● Directions for this task:
From the entries below, print exactly the span beginning with the line holding "2021年3月,崔俊贤被评为" and ending with the line holding "114學年度服務學習輔導組辦", endpoints included, and skip any pictures.

● Exercise data:
..........
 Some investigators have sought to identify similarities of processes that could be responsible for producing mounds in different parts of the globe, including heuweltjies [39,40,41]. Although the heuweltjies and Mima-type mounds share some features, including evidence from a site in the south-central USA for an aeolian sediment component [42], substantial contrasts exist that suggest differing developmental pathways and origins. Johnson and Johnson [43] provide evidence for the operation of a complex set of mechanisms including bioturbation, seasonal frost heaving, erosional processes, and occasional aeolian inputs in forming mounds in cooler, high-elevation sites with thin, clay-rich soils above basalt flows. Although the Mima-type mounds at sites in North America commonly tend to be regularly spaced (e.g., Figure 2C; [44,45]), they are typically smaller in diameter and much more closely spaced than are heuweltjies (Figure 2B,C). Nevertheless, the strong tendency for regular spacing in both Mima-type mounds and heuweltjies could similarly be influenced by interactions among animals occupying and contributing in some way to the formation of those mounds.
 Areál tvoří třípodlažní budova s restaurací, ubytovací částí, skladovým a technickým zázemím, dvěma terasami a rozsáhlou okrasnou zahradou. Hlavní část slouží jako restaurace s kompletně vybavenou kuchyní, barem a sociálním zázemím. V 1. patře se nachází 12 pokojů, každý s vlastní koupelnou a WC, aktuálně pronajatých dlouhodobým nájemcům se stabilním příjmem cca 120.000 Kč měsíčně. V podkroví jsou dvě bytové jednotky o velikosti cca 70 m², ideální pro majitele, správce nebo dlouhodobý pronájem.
..........
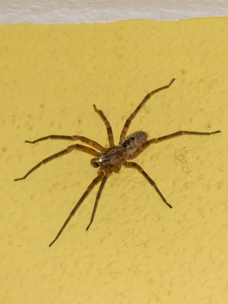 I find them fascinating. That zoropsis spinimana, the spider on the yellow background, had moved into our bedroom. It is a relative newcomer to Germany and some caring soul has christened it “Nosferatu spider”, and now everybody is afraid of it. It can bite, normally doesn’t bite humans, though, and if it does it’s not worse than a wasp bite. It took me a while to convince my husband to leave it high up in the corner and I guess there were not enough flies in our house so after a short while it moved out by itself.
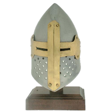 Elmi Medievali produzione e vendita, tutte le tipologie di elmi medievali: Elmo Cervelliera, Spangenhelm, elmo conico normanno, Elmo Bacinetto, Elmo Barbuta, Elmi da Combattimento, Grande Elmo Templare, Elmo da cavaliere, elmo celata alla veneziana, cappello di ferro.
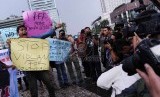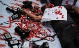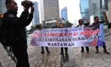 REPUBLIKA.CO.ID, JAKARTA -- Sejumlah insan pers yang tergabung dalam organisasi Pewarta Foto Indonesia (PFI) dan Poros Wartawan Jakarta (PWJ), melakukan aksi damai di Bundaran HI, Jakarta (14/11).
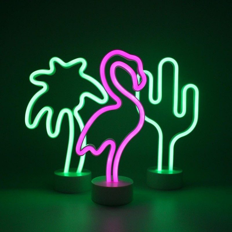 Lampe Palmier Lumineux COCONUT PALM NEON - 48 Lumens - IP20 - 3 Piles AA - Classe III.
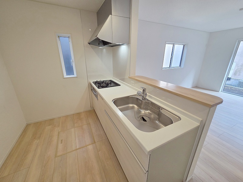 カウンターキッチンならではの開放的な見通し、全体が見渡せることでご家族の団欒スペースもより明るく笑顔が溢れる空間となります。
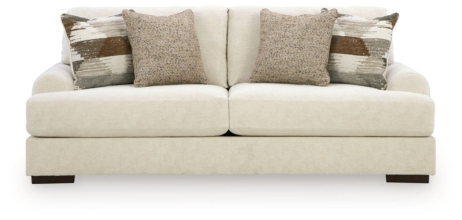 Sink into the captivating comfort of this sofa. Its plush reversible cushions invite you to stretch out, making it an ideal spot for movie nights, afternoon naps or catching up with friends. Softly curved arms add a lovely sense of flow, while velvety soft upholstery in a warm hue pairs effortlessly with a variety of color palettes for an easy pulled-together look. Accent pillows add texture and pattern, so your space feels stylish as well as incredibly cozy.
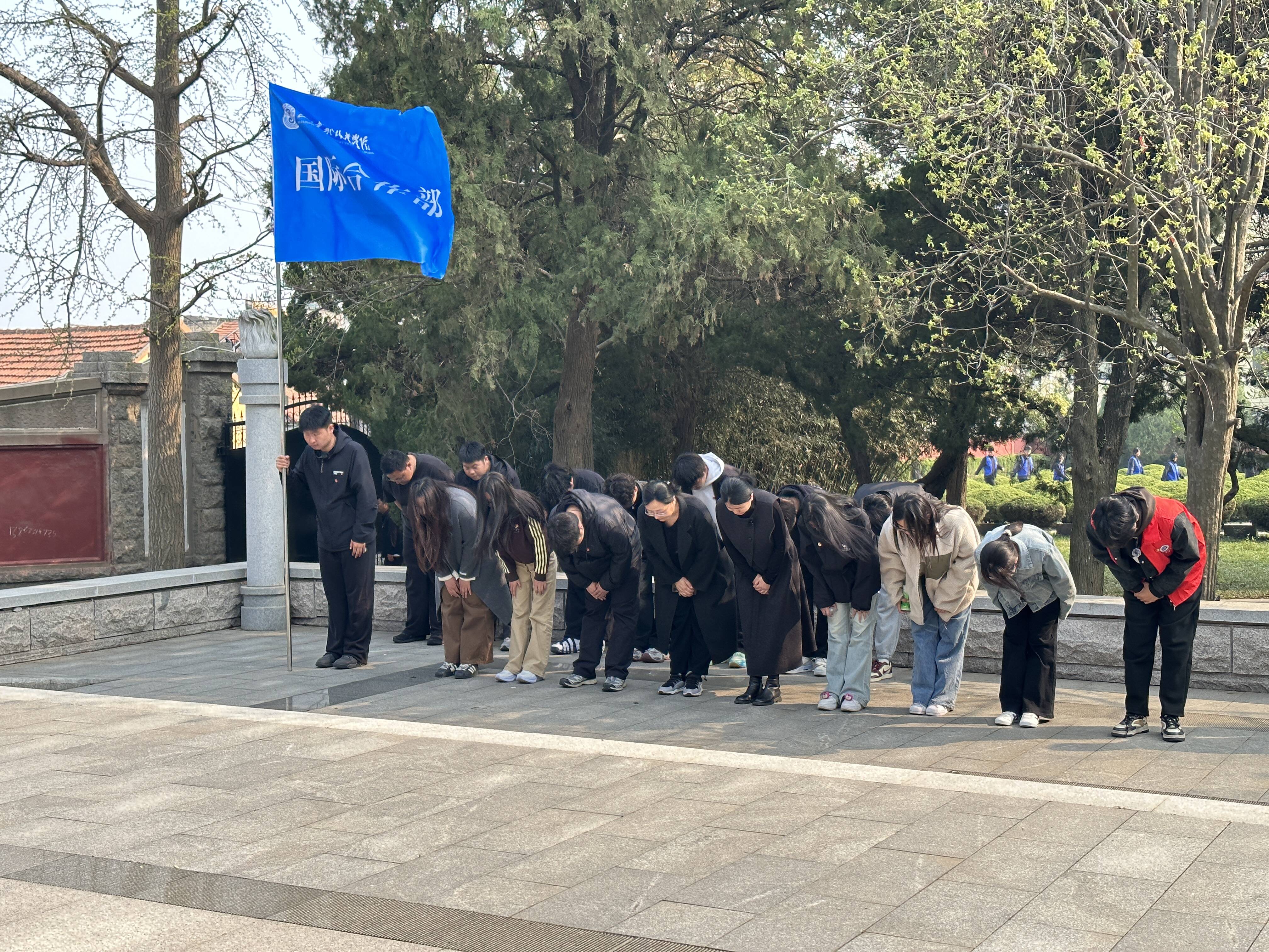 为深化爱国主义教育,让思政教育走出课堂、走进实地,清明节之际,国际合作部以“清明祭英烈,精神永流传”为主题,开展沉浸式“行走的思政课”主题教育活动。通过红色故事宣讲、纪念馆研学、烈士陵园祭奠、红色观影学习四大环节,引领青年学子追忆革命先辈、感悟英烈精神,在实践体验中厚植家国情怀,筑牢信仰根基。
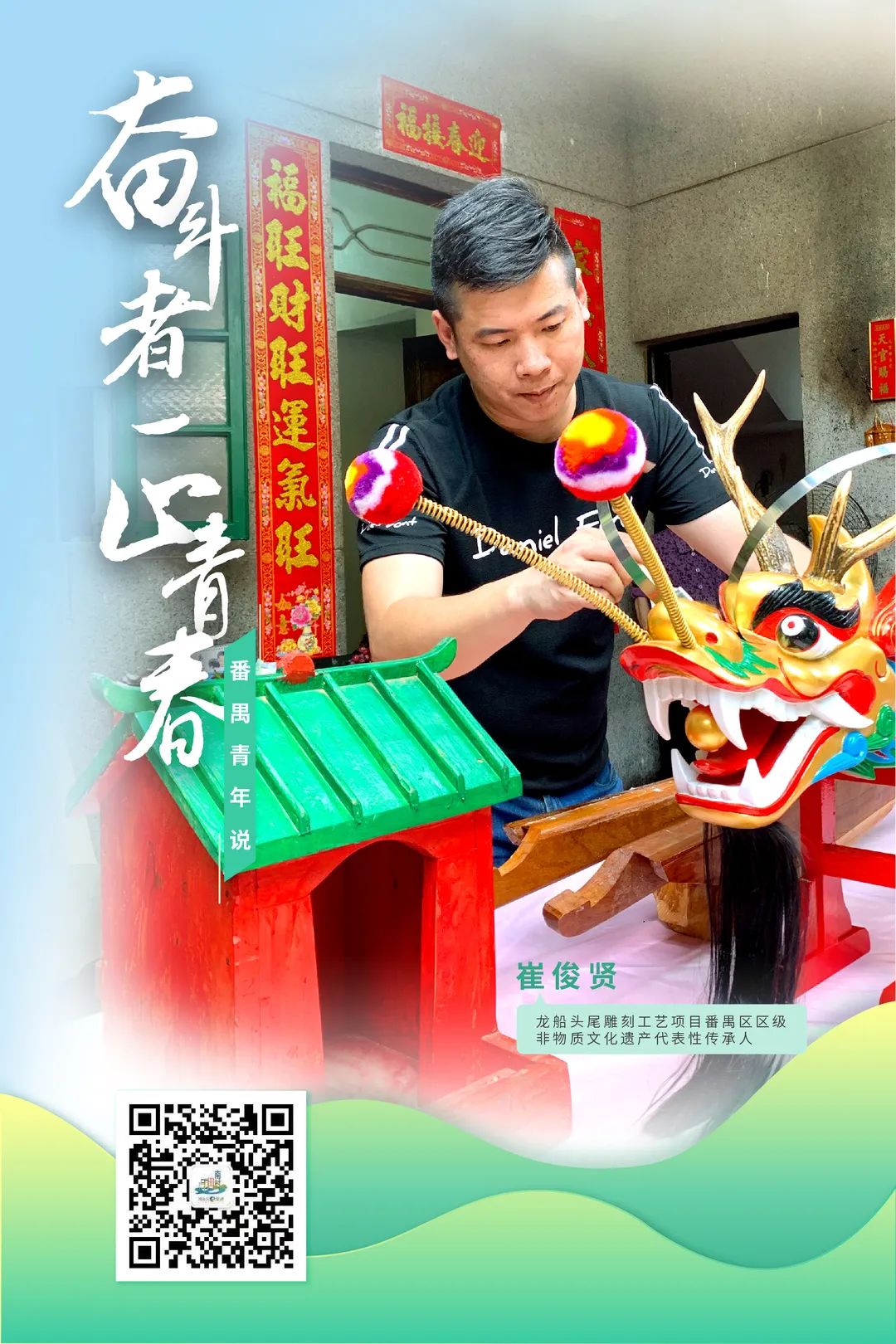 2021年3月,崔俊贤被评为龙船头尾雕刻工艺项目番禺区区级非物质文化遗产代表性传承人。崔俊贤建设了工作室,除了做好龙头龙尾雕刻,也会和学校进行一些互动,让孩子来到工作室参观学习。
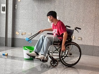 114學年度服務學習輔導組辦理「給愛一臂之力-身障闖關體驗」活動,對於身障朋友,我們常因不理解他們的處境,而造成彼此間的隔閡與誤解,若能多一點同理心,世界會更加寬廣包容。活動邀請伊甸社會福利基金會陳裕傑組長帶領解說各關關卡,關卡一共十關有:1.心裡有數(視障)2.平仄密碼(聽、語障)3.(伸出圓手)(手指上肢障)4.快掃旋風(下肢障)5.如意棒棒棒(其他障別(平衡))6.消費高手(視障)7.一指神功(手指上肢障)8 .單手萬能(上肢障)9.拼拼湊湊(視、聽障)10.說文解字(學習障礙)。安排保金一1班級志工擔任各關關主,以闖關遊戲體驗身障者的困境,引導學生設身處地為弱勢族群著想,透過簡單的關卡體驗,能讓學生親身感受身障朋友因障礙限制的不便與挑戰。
..........
● Response area:
 2021年3月,崔俊贤被评为龙船头尾雕刻工艺项目番禺区区级非物质文化遗产代表性传承人。崔俊贤建设了工作室,除了做好龙头龙尾雕刻,也会和学校进行一些互动,让孩子来到工作室参观学习。
 114學年度服務學習輔導組辦理「給愛一臂之力-身障闖關體驗」活動,對於身障朋友,我們常因不理解他們的處境,而造成彼此間的隔閡與誤解,若能多一點同理心,世界會更加寬廣包容。活動邀請伊甸社會福利基金會陳裕傑組長帶領解說各關關卡,關卡一共十關有:1.心裡有數(視障)2.平仄密碼(聽、語障)3.(伸出圓手)(手指上肢障)4.快掃旋風(下肢障)5.如意棒棒棒(其他障別(平衡))6.消費高手(視障)7.一指神功(手指上肢障)8 .單手萬能(上肢障)9.拼拼湊湊(視、聽障)10.說文解字(學習障礙)。安排保金一1班級志工擔任各關關主,以闖關遊戲體驗身障者的困境,引導學生設身處地為弱勢族群著想,透過簡單的關卡體驗,能讓學生親身感受身障朋友因障礙限制的不便與挑戰。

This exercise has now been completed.